Is it right to kick people out of the church for openly sinning, even though all people are sinners?

Question:

Is it right to kick people out of the church for openly sinning, even though all people are sinners? I know one should not be unequally yoked with non-believers but does this apply to personal life or the church as well? Do you think churches should enforce the sins they choose to enforce and just kick out who they feel the need to dismiss? Or should they only be demoted from a high position, such as a Sunday school teacher or a pastor if openly sinning but not kicked out of the church itself?

Answer:

Being married to a non-believer is not a wise choice, but it is not a sin. Paul talks about marriages to non-believers in I Corinthians 7:12-15 and says they are not to end if the non-believer wishes to remain. Peter talks about converting a non-believing spouse through example in I Peter 3:1-2. The statement by Paul in I Corinthians 6:14-7:1 is being misapplied. Paul states that Christians are to avoid situations where a non-believer has control over their life. This is an unequal yoking because one has more power than the other. A marriage is a yoke of equals. See Is it wrong for a Christian to marry a non-believer?
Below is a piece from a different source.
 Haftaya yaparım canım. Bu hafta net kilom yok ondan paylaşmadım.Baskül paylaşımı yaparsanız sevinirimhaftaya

A church that does not withdraw from someone openly living in sin is disobeying God's command.

"It is actually reported that there is sexual immorality among you, and such sexual immorality as is not even named among the Gentiles--that a man has his father's wife! And you are puffed up, and have not rather mourned, that he who has done this deed might be taken away from among you. For I indeed, as absent in body but present in spirit, have already judged (as though I were present) him who has so done this deed. In the name of our Lord Jesus Christ, when you are gathered together, along with my spirit, with the power of our Lord Jesus Christ, deliver such a one to Satan for the destruction of the flesh, that his spirit may be saved in the day of the Lord Jesus.

"Your glorying is not good. Do you not know that a little leaven leavens the whole lump? Therefore purge out the old leaven, that you may be a new lump, since you truly are unleavened. For indeed Christ, our Passover, was sacrificed for us. Therefore let us keep the feast, not with old leaven, nor with the leaven of malice and wickedness, but with the unleavened bread of sincerity and truth.
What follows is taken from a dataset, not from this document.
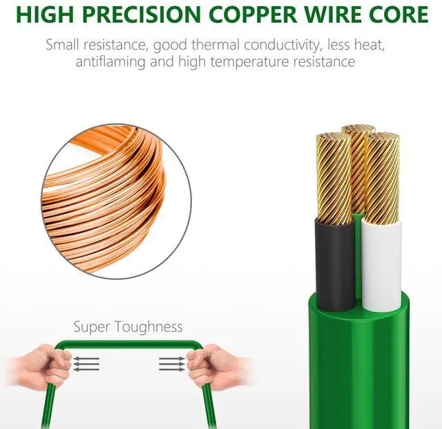 Providing highest quality with a Sturdy Long-Lasting Construction, durable vinyl covering insulating and protecting the cord's conducting wires, plus resists moisture, abrasion, and the damaging effects of sunlight, and resistant to extreme temperature which will not crack or deteriorate.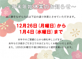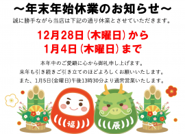 - いつも「車検の速太郎」福井店をご利用いただきまして誠にありがとうございます!! 誠に勝手ながら 12月28日(木)~1月4日(木) までの期間、年末年始休業とさせていただきます。 なお、1月5日(木)午後13時30分より通常営業とさせていただきます。 ご不便をおかけ...

"I wrote to you in my epistle not to keep company with sexually immoral people. Yet I certainly did not mean with the sexually immoral people of this world, or with the covetous, or extortioners, or idolaters, since then you would need to go out of the world. But now I have written to you not to keep company with anyone named a brother, who is sexually immoral, or covetous, or an idolater, or a reviler, or a drunkard, or an extortioner -- not even to eat with such a person. For what have I to do with judging those also who are outside? Do you not judge those who are inside? But those who are outside God judges. Therefore "put away from yourselves the evil person" (I Corinthians 5:1-13).

Yes, we all slip up in sin, but there is a big difference between occasionally sinning and remaining in sin. "What shall we say then? Shall we continue in sin that grace may abound? Certainly not! How shall we who died to sin live any longer in it?" (Romans 6:1-2). While a person remains in his sin, he cannot be a part of a church. John makes the same point.
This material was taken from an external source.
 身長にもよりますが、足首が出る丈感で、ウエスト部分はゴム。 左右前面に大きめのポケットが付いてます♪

"Little children, make sure no one deceives you; the one who practices righteousness is righteous, just as He is righteous; the one who practices sin is of the devil; for the devil has sinned from the beginning. The Son of God appeared for this purpose, to destroy the works of the devil. No one who is born of God practices sin, because His seed abides in him; and he cannot sin, because he is born of God. By this the children of God and the children of the devil are obvious: anyone who does not practice righteousness is not of God, nor the one who does not love his brother" (I John 3:7-10).

"Practicing" is trying to capture the tense in the Greek it refers to someone continuing to do something, whether sin or righteousness in this case. It is an ongoing practice in that person's life. John is not saying that the righteous person never sins -- in fact, he states the opposite in I John 1:8-2:1 -- but that a righteous person doesn't stay in sin.